Çok güzel bir soru. Artık kadın - erkek diye ayrıştırılmak bile bana çağdışı geliyor. Tam da bu konuyla alakalı bir haberden bahsetmem gerekirse, dünyanın önde gelen film festivallerinden Berlin Film Festivali 2021 itibariyle oyuncu ödüllerinde cinsiyet ayrımını ortadan kaldıracakmış. “En iyi kadın oyuncu” ve “en iyi erkek oyuncu” ödülleri yerine, “oyuncu” performanslarına cinsiyet gözetmeden ödül verileceğini duyurmuş. Aynı durumun müzik sektöründe de geçerli olmaması için hiçbir sebep göremiyorum. Sektörün içinden birisi olarak yaşadığım bir zorluk olmadı ama zorluk yaşayan birkaç müzisyen kadın arkadaşıma denk geldim. Benim fikrim hemcinslerimin, özellikle enstrümanist arkadaşlarımın kendilerine olan özgüvenlerinin olduklarından çok daha yüksek olması gerektiği yönünde. Bunun da çok çalışma, disiplin ve istikrar ile sağlanacağını zaten çok iyi biliyoruz. Dolayısıyla sektördeki konumumuzu bir yandan sayı olarak çoğaltmış olup bir yandan da insanların bilinçaltındaki önyargılarının silinmesine sebebiyet göstermiş olacağız. Yine dünyaca ünlü starlara baktığımızda hemen hemen çoğunda kadın müzisyenlere yer verdiklerini görüyoruz. Michael Jackson, Prince, Stevie Wonder, Madonna, Beyonce gibi.
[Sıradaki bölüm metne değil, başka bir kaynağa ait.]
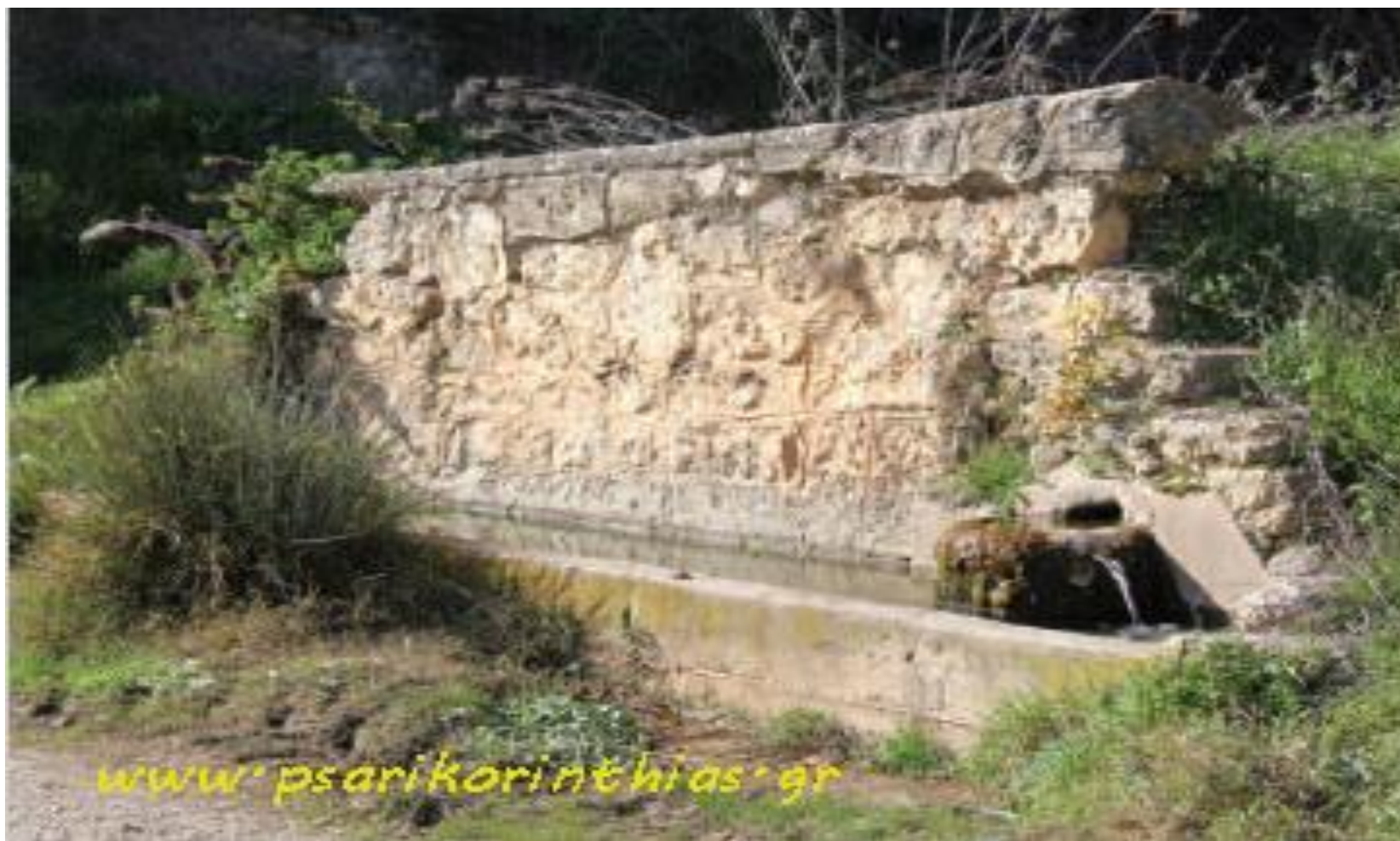
Η «Κάτου Βρύση» πριν την ανακαίνισή της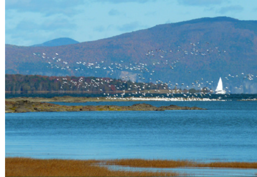
Vue sur le fleuve depuis la Pointe-de-St-Vallier. Photo : Yves Guillet, 2012.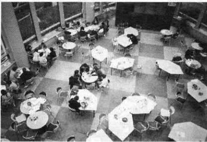
ヘリオス（学生ホール）

飯田橋から市ヶ谷にかけての桜並木、法政OBにとって、高台の外濠は今も昔も変わらない懐かしい風景である。 ただし、大きく変わったのは桜並木の上に堂々とそびえ立つポアソナードタワーの偉容である。地上26階、新しい時代を切り開く法政のシンボルといえる。 さてこのタワー、もちろん、現役学生のための施設であるが、卒業生も自由に

Konuşmamın en başına da dönersek, Berlin’deki bu kararı sonuna kadar destekliyor, son cümlemi de “Erkek ve kadın yok müzisyen var” diyerek bitiriyorum.

► Bugünlerde yürürlüğe girmesi için tüm dünyadan desteğin yağdığı İstanbul Sözleşmesi'ne dair ne düşünüyorsun?
Sadece bizim değil, tüm dünyanın benzer sorunlardan muzdarip olduğu önemli bir konu bu. Özellikle bir Ortadoğu insanı olarak sözleşmeyi sonuna kadar desteklememin yanı sıra; öncelikli bilinç olarak sözleşmedeki maddelerin, iç hukukumuzda kullanılabilir hale gelmesinden yanayım. Örneğin “Burada sigara içmek yasaktır” yazan bir yerde sigara içildiğinde esnetilir kurallar yerine, tabelada yazan cezanın birebir uygulanması gerektiğini ya da parkta dolaşan bir hayvana eziyet eden birisini gördüğümüzde, tek başına yürüyen bir kıza, erkeğe, çocuğa, engelliye, büyüğümüze laf atıldığını gördüğümüzde o bölgeden sorumlu bekçilerin anında olaya müdahale edip trafik cezası gibi yıpratıcı para cezaları hatta hapis cezalarına kadar ciddi kuralların uygulandığı bir hukuk devleti olmaktan bahsediyorum. Her birimizin Avrupa’nın herhangi bir şehrine gittiğimizde hayran olmanın yanısıra “insan” gibi hissettiğimiz nadir duygular yaşadığımıza eminim. Bunun en başlıca sebebi de belirledikleri kurallara harfiyen uymalarından kaynaklı olduğunu düşünüyorum.